Throw a few dissidents in jail and most Chinese will stay silent. Deny them the right to vote and they may put it down to the cost of orderly development. But when you trifle with the safety of their children, stand back.
Thanks to China's one-child policy, children are particularly treasured in China. If you have only one, the thought of anything happening to him or her is a special torture. That thought is now on the minds of countless Chinese mothers and fathers.
China's tainted-milk crisis has made tens of thousands of babies ill, put more than 13,000 in hospital and killed at least four. In clinics and doctor's offices, anxious parents are lining up to get their children tested. Others are hovering by the hospital beds of their ailing sons and daughters. Just imagine their anger.
The government encouraged them to feed their children more milk as part of a national health campaign. It assured them Chinese milk was safe. Now they find that some dairies may have deliberately spiked milk supplies with melamine, a chemical used to make fertilizer and plastics.

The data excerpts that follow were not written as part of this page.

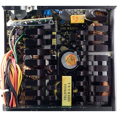 Коэффициент полезного действия, в среднем, по всему диапазону мощности составил около 80,8 процента, что является средним показателем. При этом КПД в диапазоне от 50 до 250 Вт составил около 79,7 процента, а в диапазоне от 100 до 500 Вт — 84,4 процента. Коэффициент мощности у данного блока питания составил в среднем 96,1 процента, что является очень хорошим показателем для БП, оснащенных активным корректором коэффициента мощности.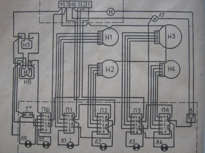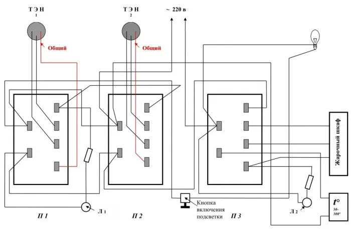За блокировку отвечает переключатель П5. Сигнальные лампы конфорок в схеме электроплиты это Л1-4. Пятая Л позволяет подсветить духовой шкаф. Также в наличии Л6. Она включается, когда в шкафу достигается соответствующая температура.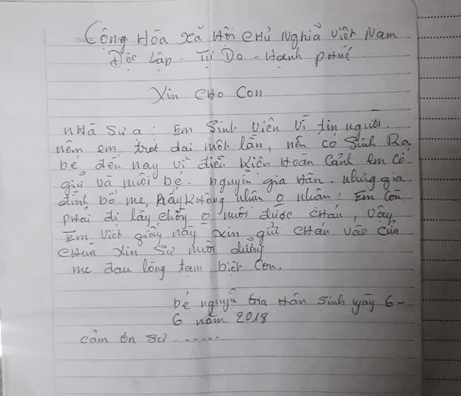 Lúc này, nhà chùa mở túi đồ của cháu bé thì thấy vài bộ quần áo kèm lá thư được viết ngắn gọn với nội dung: “Xin cho con… Em còn phải đi lấy chồng không nuôi được cháu…”.

The dairies are accused of watering down the milk to save money, then adding the nitrogen-rich melamine to fool government inspectors about its protein content. Melamine can produce bladder or kidney stones, an often agonizing condition that can lead to cancer. Some babies were found to have stones as large as a centimetre. Many have two or three.
Parents are now wondering who they should blame for putting their children at risk. Evidence points straight at the government and its food-safety system.

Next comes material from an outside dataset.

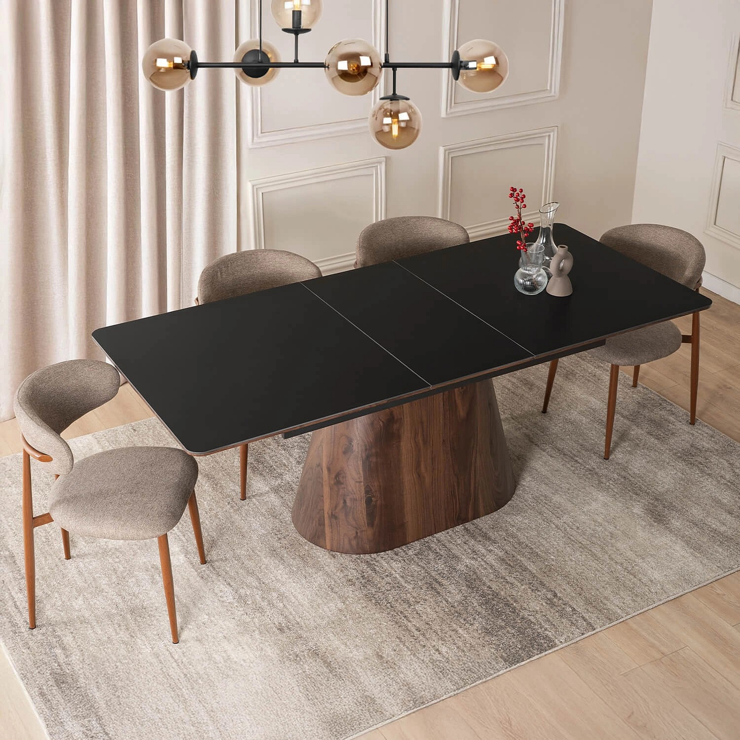 Stół LIZBONA Ceramiczny Rozkładany 160-200 cm Czarny/Orzech

Officials say that one of China's biggest dairy producers, Sanlu Group, started getting consumer complaints about adulterated milk in June, but put off telling authorities till Aug. 2 - just six days before China's international showcase, the Olympic Games. A new report from the official Xinhua news agency this week says Sanlu may have known of the problem even earlier, as far back as last December.

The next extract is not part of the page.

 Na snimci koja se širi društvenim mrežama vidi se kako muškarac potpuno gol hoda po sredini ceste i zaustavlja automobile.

Fonterra Group, the New Zealand dairy company that has a 43-per-cent share in Sanlu, says it pressed Chinese authorities for weeks to announce a milk recall. Perhaps concerned about dimming China's Olympic glow, they instead quietly pulled suspicious milk powder off store shelves. Only on Sept. 11, when the Olympics were over, did Sanlu announce a nationwide recall. It took two more days until the government revealed the problem and the cabinet declared a food-safety crisis. By then, tens of thousands of Chinese children were sick.
In a democratic system, the government would have fallen or the responsible minister been fired. In China, with its perpetually ruling Communist Party, governments don't fall. But regimes do. This is the sort of scandal that could discredit Communist rule for good.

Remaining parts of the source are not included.